After a failed vote to table action on a design agreement for plans to demolish the 16th Street viaduct, Hastings City Council members did indeed approve the agreement.

Council members voted 5-2 during their regular meeting Monday to approve a professional services agreement with engineering firm Olsson for preparation of plans to demolish the viaduct. Councilmen Chuck Rosenberg and Scott Snell dissented.

Council members Ted Schroeder and Jeniffer Beahm were absent. Mayor Corey Stutte, who normally does not vote on action items, wound up voting to approve the contract because five votes were needed for approval.

Rosenberg and Snell also dissented when the council voted on Dec. 9, 2019, to move ahead with plans to demolish the viaduct, which has been closed since the end of May 2019 due to structural deterioration.

The general scope of services of the professional services contract for the preparation of demolition plans was discussed at the Jan. 6 work session.
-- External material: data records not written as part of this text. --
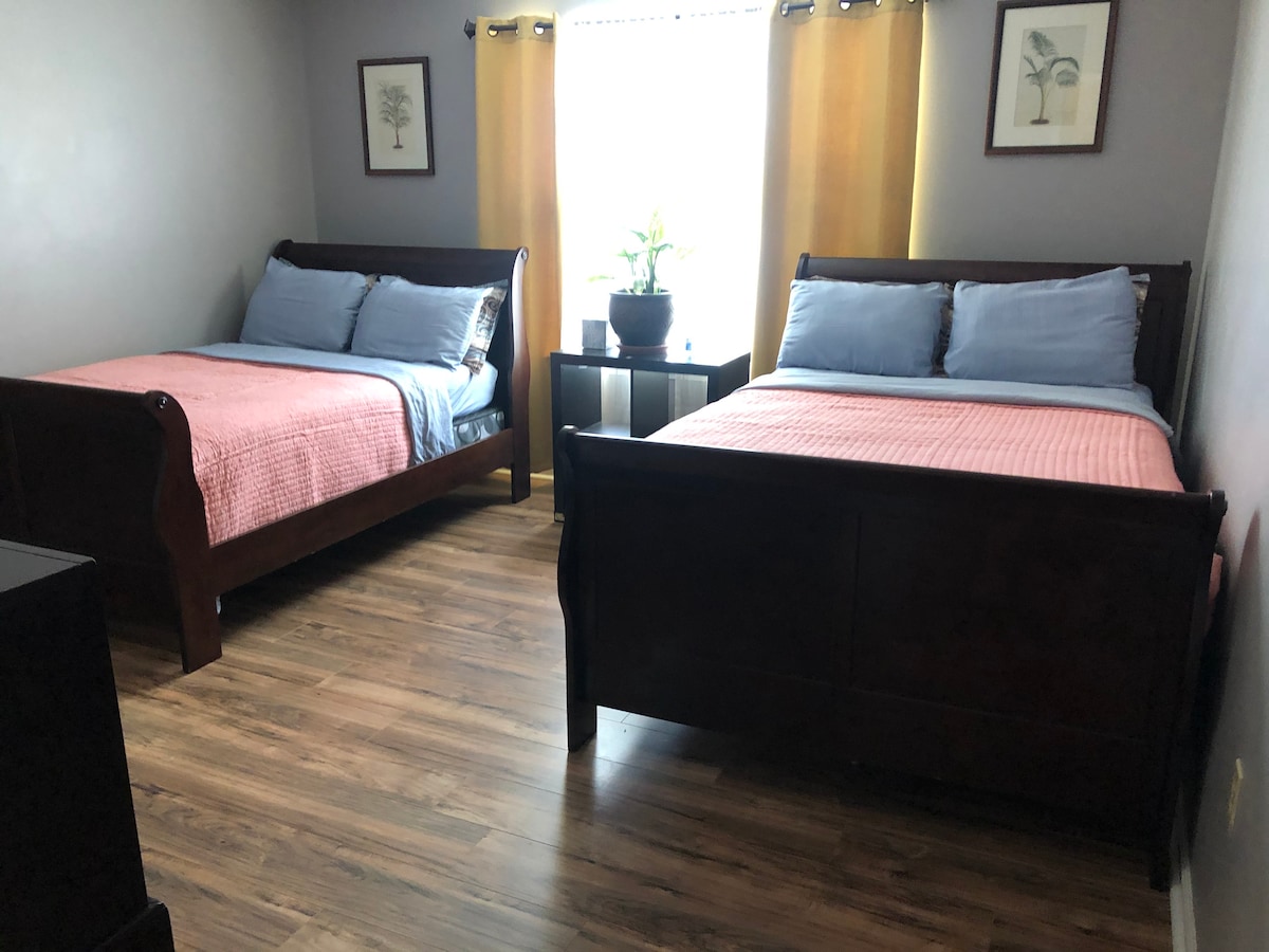Fly till vårt charmiga, fullt uppdaterade radhus där historisk lockelse möter modern komfort. Perfekt för familjer eller grupper, vårt boende har mjuka sängkläder, höghastighets Wi-Fi och privat parkering för fyra. Varje rum är utrustat med Roku Smart TV-apparater, vilket garanterar underhållning efter att ha utforskat stadens sevärdheter. Beläget i Wilmington, bara några ögonblick från livliga platser i centrum och det historiska DuPont Hotel, erbjuder vårt läge i Mid-town Brandywine både lugn och bekvämlighet.
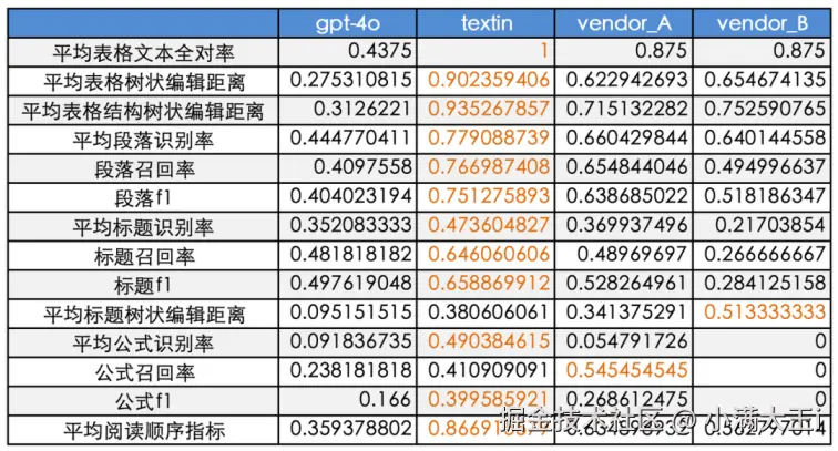 下面我们将gpt-4o、verdor_A、verdor_B和合合信息家的智能文档解析平台TextIn对表格数据解析效果进行对比,可以看到,在某些指标里,TextIn最为突出: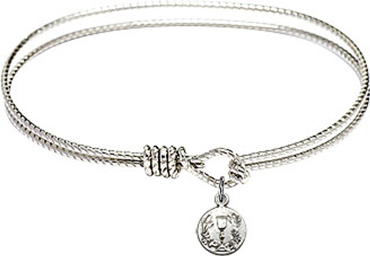 7 1/4 inch Oval Eye Hook Rhodium Bangle Bracelet with a Pewter Communion Chalice charm.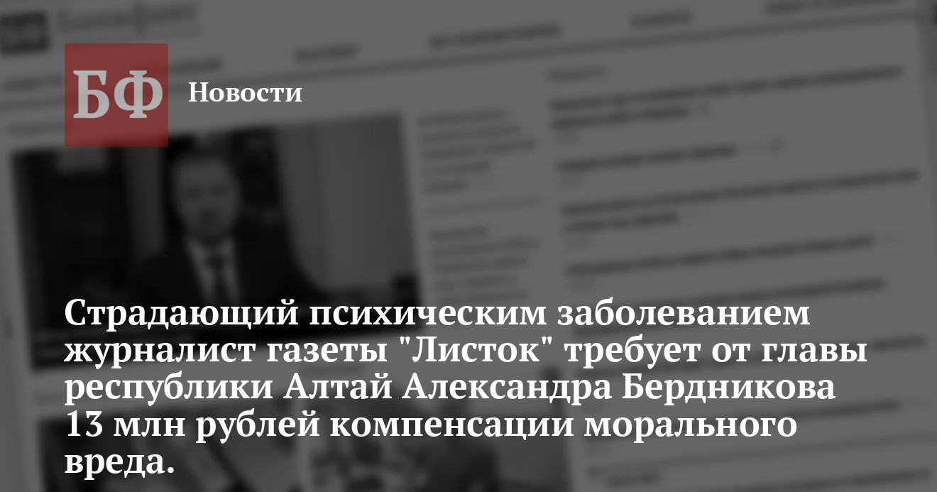 Алтай Александру Бердникову, в котором журналист требует взыскать с ответчика 13 млн рублей, сообщает сайт «Новости Горного Алтая».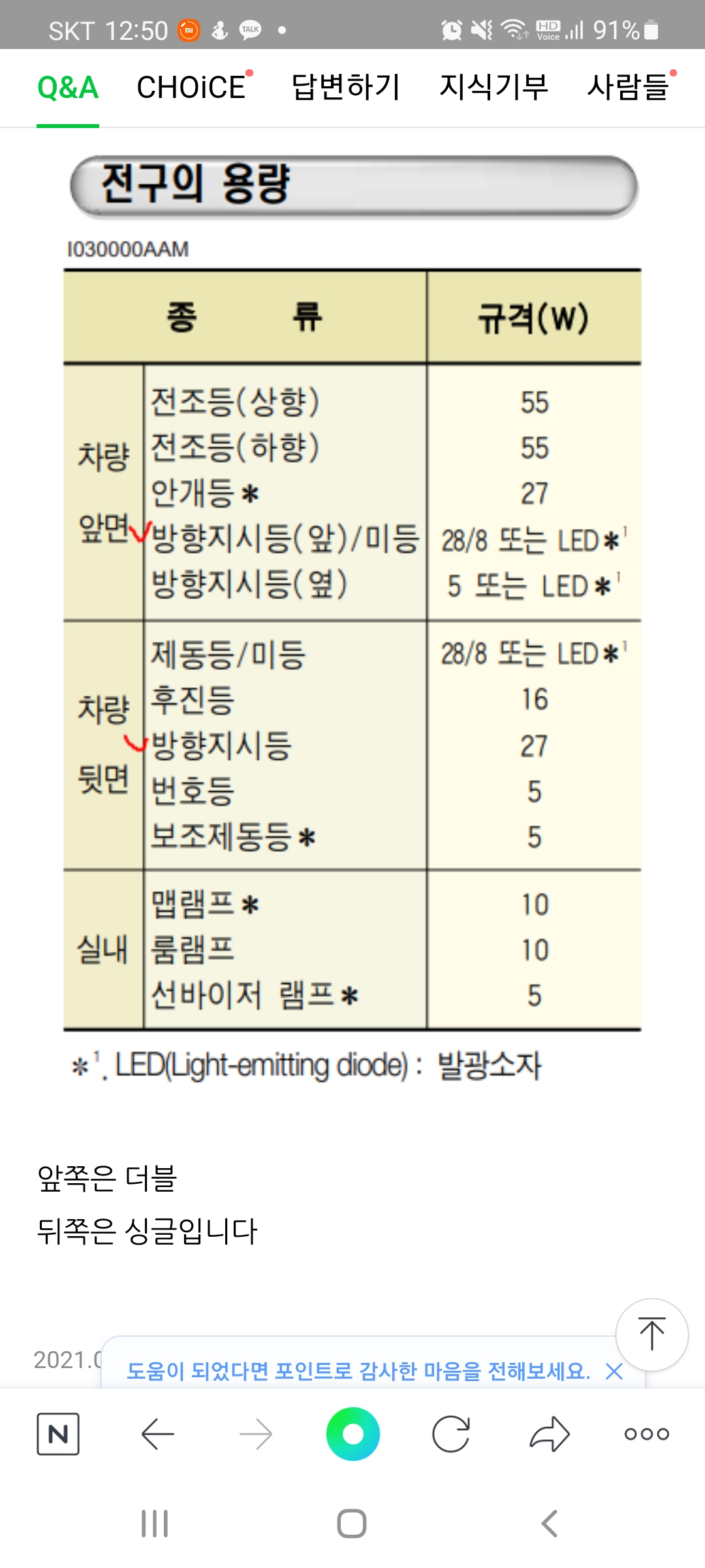 혹시 몰라서 쏘울 2010년형 전구규격을 확인해봅니다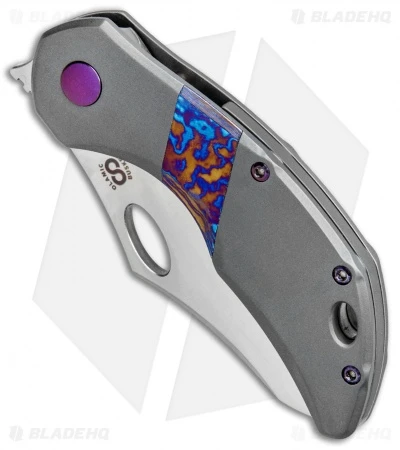- Titanium handle with timascus inlay and purple hardware.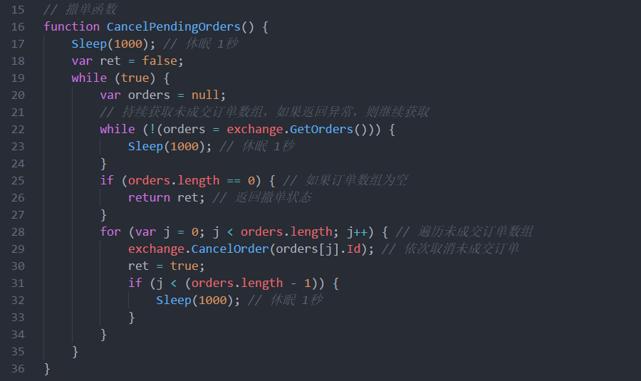 注文取引ロジックは明確で、すべてのコメントがコードに書き込まれています。画像をクリックすると拡大できます。
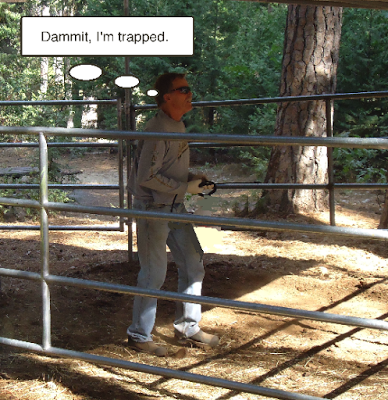 Then PJ is abducted by carnivorous cliff guards, [What would happen if no one was guarding the cliff?] [Are carnivorous cliff guards better at guarding cliffs than vegetarian cliff guards?] where she [and] meets hot, quiet Reid in a corral of captives. They escape with Trey’s help [I never thought of a corral as a place a human would need help escaping from.]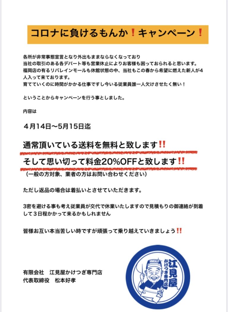 皆さんも外出が中々できない中かけつぎを出したいけどと思う方も多いと思います。 当社も東京始め各所のデパートとかも取引がありそこが休館となって厳しいものがあります。福岡支店もリバレインが休館となり中で寂しく作業したりしてます。

It was concluded after discussion that the scope of services be modified to include leveling of grade of the structure’s northeast embankment as well as extension and design of 16th Street section to Kansas Avenue.

The final draft of the professional services agreement includes the amended scope of service and fees associated with the additions and increased the engineering amount from $100,000 to $146,500. Of that amount, $85,300 is for design phase services and $61,200 is for construction phase services.

The contract includes a section stating that if the city does not move into construction, the construction services portion of the contract would be voided.

“So, for example, if we get plans and preparations prepared, if we go to bid and we do not award a contract, the rest of the contract is null and void,” City Engineer Dave Wacker said. “We have no further obligation.”

The council approved the professional services agreement after Rosenberg made a motion to table the agreement and Snell seconded. The motion to table the item failed 2-4.

Rosenberg said he feared if just the cost for the engineering agreement went up as much as it did for the amended scope of service, then the actual demolition could quickly eat up the contingency funds set aside.

“I feel if we go ahead and award this tonight we’re jumping the gun and it’s getting the cart before the horse because we have no idea what that is going to cost and that could add as much as a million dollars to demolition of that viaduct,” he said. “You want to do it right. I would feel more comfortable knowing what that cost is, if it raised the cost of our engineering proposal one-third.”

Snell said he voted to table action on the contract out of a desire to shop around and potentially get a less expensive professional services agreement from another engineering firm.

“I think we limit ourselves quite a bit by getting one bid on things,” he said.

Stutte said the viaduct is an important safety issue and was declared as such during the council’s last meeting in November. The council wants to move forward with razing the structure because it is a safety issue.

He also reminded the council that Olsson built in adequate contingencies.

“They felt comfortable with the costs they had estimated on that,” he said.

During citizen communications, Hastings resident Willis Hunt asked the council not to spend money the professional services agreement until the city’s planned traffic study is complete.

That the city is planning a comprehensive traffic study was something Stutte mentioned during a Coffee and Conversations event Saturday morning that was reported on by the Hastings Tribune. Hunt referred to that newspaper article.

“Frankly, I believe the expenditure of any money is premature until we do exactly what’s said here in this article,” he said. “I believe the citizens of Hastings read that. I read it, and I liked what he said.”

He said he believed the best option available appears to be repairing the existing structure.

City Administrator Dave Ptak emphasized the contract is just for plans.

“It’s not to build it or do anything other than to adopt an agreement to get plans for the demolition,” he said.

The contract is a good representation of the council’s decision as well as the work session discussion during which the additional items were added.

“If anything, we’ve got the cart in front of the horse talking about spending money for construction when all we want to do is develop the plans,” he said. “Olsson is a firm that has been with us from the beginning on this matter. If we were to go out and ask another engineering firm without the basic knowledge and background that Olsson has, I would venture to say this contract would be much higher than what you see from Olsson today.”

The city budgeted $300,000 in the current fiscal year for design work of the future of the viaduct, whatever direction the council took.

In other business, the council:

Was advised there were no objections to Street Improvement District 2019-4 Laux Drive.

Unanimously approved an amendment to Enterprise Resource Planning agreement with Tyler Technologies.

Unanimously approved adjusting alarm monitoring fees through the City of Hastings Communications Center.

Unanimously approved a resolution requesting the Nebraska Department of Transportation to conduct traffic studies at Seventh Street, Ninth Street, 12th Street, 14th Street and 16th Street intersections of Burlington Avenue. Wacker estimated those traffic studies to be complete by mid to late summer.

Unanimously approved a resolution approving the manual application and contract form for the City of Hastings PACE Program.

Unanimously approved a resolution approving bylaws of the Hastings Public Library board and Hastings Public Library policies.